-- DATA UNDER STUDY follows --
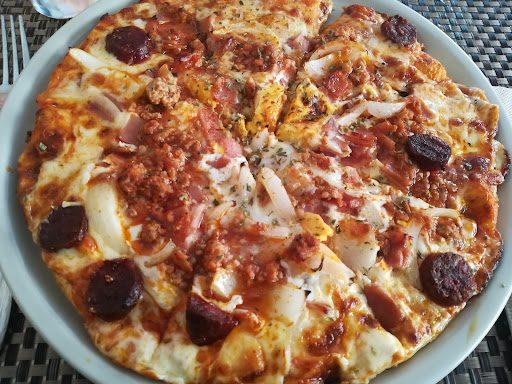 Ayer fuimos a cenar con unos amigos ,empezamos pidiendo 3 pizzas y 3 hamburguesas de Angus ,al rato viene el camarero que no le quedan Angus pedimos 3 pizzas (1 calzone sin cebolla ) 2 odiseo después de estar media hora o más esperando uno de nuestros amigos le pregunta al camarero que cuanto le queda a nuestras pizzas ya que los demás habían cenado menos nosotras ,s lo q contesta que la comanda no llegó nunca a cocina y que había una mesa de 10 fuera y que teníamos que esperar ,total finalmente nos la pusieron después de 3 cuartos de hora ,me empiezo a comer mi calzone de pollo y premio! Llena de troncos de cebolla a lo que ya enfadada pues eran casi las 12 de la noche les pido una hoja de reclamaciones porque se la había pedido sin cebolla ,más tarde el cobarde del jefe fue hablar con mi amiga porque no se atrevió a darme la cara a decirle que me había visto por las cámaras comerme la odiseo y que era alérgica a la cebolla ,a ver señor! Yo nunca dije que fuese alérgica yo tengo un problema de salud que me impide comer cebolla y así está puesto en la reclamación ,no que se alergica y si! me comí 2 trozos de la odiseo porque me tenías muerta de hambre y porque en esa pizza los trozos de cebolla eran de manera superficial y se pudieron quitar no como la calzone de pollo, nose si será legal o no grabarme por las cámaras y espiarme pero deberías tenerlo informado y 2 en vez de ir a mí amiga a preguntar vienes a mí y hablas conmigo que deja mucho que desear esa actitud, fuimos recomendados por mi amiga no te preocupes que ninguno de los 4 que íbamos con mi amiga...
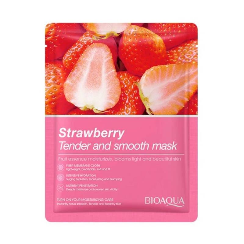 Bioaqua Strawberry Tender and Smooth Mask — single-use sheet mask formulated with strawberry fruit essence to deeply hydrate and renew the skin. This mask targets dry, dull, or rough skin by delivering concentrated moisture and nourishing ingredients directly through a soft fiber membrane cloth. The lightweight, breathable sheet fits closely to the face to maximize serum absorption and effectiveness.
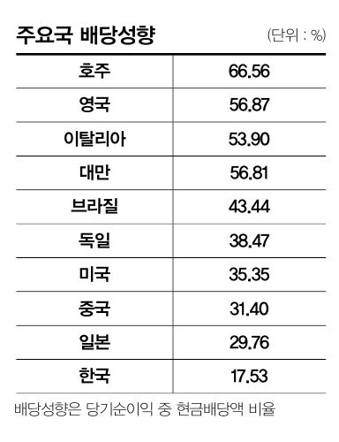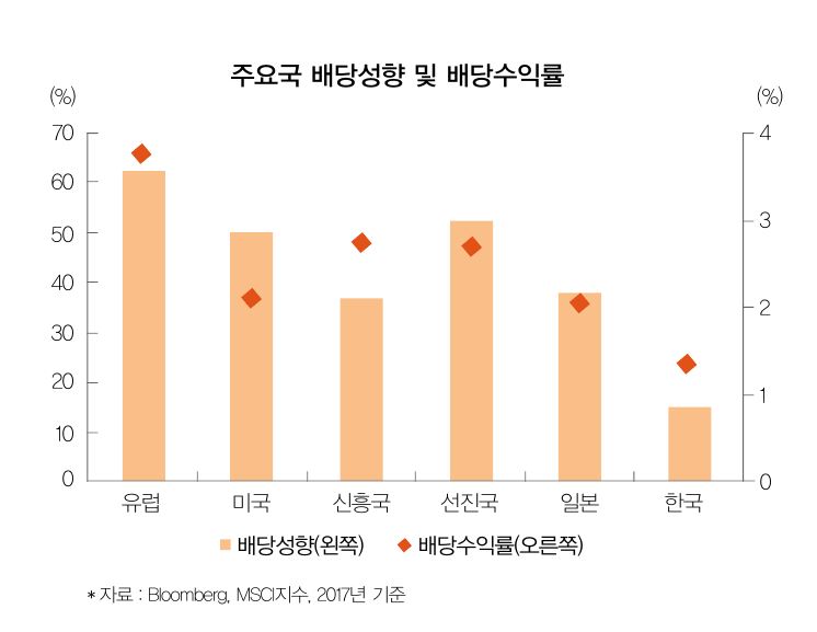 2017년 기준으로 한국 기업의 배당 성향은 18% 정도였다. 반면 호주는 67%, 영국은 57%, 대만은 57%였으며, 미국은 35%였다. 주요 선진국들 중 한국이 제일 낮은 상황인 것이다. 이에 따라 배당수익률도 가장 낮다. 위 그래프는 주요국 들의 배당성향과 배당수익률을 보여준다. 배당 투자가 목적이라면 굳이 한국에만 머물 이유는 없어 보인다.
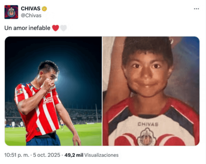 Después del partido, la cuenta oficial de Chivas compartió una imagen del futbolista cuando era niño vistiendo la camiseta del club, acompañada de un mensaje que destacaba su conexión con el equipo desde pequeño, asegurando que Aguirre siempre ha sido un “Chivahermano”.
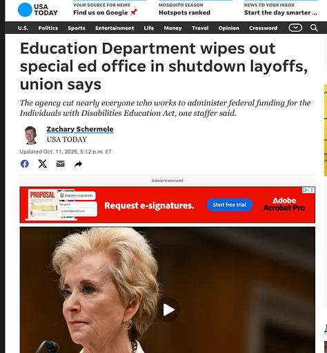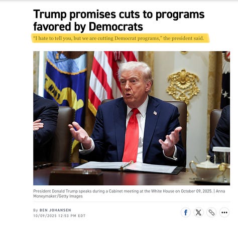 A few days ago, commenting on layoffs during the government shutdown, Donald Trump said: “I hate to tell you, but we are cutting Democrat programs.” Among the “Democrat programs” Trump had OMB Director Russ Vought cut are all special education programs, and the ability for America to detect and fight deadly diseases.
-- DATA UNDER STUDY concluded --
TASK ▸
In your copy of the data above, leave out the pictures and repeat everything else exactly.

FINISHED EXERCISE ▸
 Ayer fuimos a cenar con unos amigos ,empezamos pidiendo 3 pizzas y 3 hamburguesas de Angus ,al rato viene el camarero que no le quedan Angus pedimos 3 pizzas (1 calzone sin cebolla ) 2 odiseo después de estar media hora o más esperando uno de nuestros amigos le pregunta al camarero que cuanto le queda a nuestras pizzas ya que los demás habían cenado menos nosotras ,s lo q contesta que la comanda no llegó nunca a cocina y que había una mesa de 10 fuera y que teníamos que esperar ,total finalmente nos la pusieron después de 3 cuartos de hora ,me empiezo a comer mi calzone de pollo y premio! Llena de troncos de cebolla a lo que ya enfadada pues eran casi las 12 de la noche les pido una hoja de reclamaciones porque se la había pedido sin cebolla ,más tarde el cobarde del jefe fue hablar con mi amiga porque no se atrevió a darme la cara a decirle que me había visto por las cámaras comerme la odiseo y que era alérgica a la cebolla ,a ver señor! Yo nunca dije que fuese alérgica yo tengo un problema de salud que me impide comer cebolla y así está puesto en la reclamación ,no que se alergica y si! me comí 2 trozos de la odiseo porque me tenías muerta de hambre y porque en esa pizza los trozos de cebolla eran de manera superficial y se pudieron quitar no como la calzone de pollo, nose si será legal o no grabarme por las cámaras y espiarme pero deberías tenerlo informado y 2 en vez de ir a mí amiga a preguntar vienes a mí y hablas conmigo que deja mucho que desear esa actitud, fuimos recomendados por mi amiga no te preocupes que ninguno de los 4 que íbamos con mi amiga...
 Bioaqua Strawberry Tender and Smooth Mask — single-use sheet mask formulated with strawberry fruit essence to deeply hydrate and renew the skin. This mask targets dry, dull, or rough skin by delivering concentrated moisture and nourishing ingredients directly through a soft fiber membrane cloth. The lightweight, breathable sheet fits closely to the face to maximize serum absorption and effectiveness.
 2017년 기준으로 한국 기업의 배당 성향은 18% 정도였다. 반면 호주는 67%, 영국은 57%, 대만은 57%였으며, 미국은 35%였다. 주요 선진국들 중 한국이 제일 낮은 상황인 것이다. 이에 따라 배당수익률도 가장 낮다. 위 그래프는 주요국 들의 배당성향과 배당수익률을 보여준다. 배당 투자가 목적이라면 굳이 한국에만 머물 이유는 없어 보인다.
 Después del partido, la cuenta oficial de Chivas compartió una imagen del futbolista cuando era niño vistiendo la camiseta del club, acompañada de un mensaje que destacaba su conexión con el equipo desde pequeño, asegurando que Aguirre siempre ha sido un “Chivahermano”.
 A few days ago, commenting on layoffs during the government shutdown, Donald Trump said: “I hate to tell you, but we are cutting Democrat programs.” Among the “Democrat programs” Trump had OMB Director Russ Vought cut are all special education programs, and the ability for America to detect and fight deadly diseases.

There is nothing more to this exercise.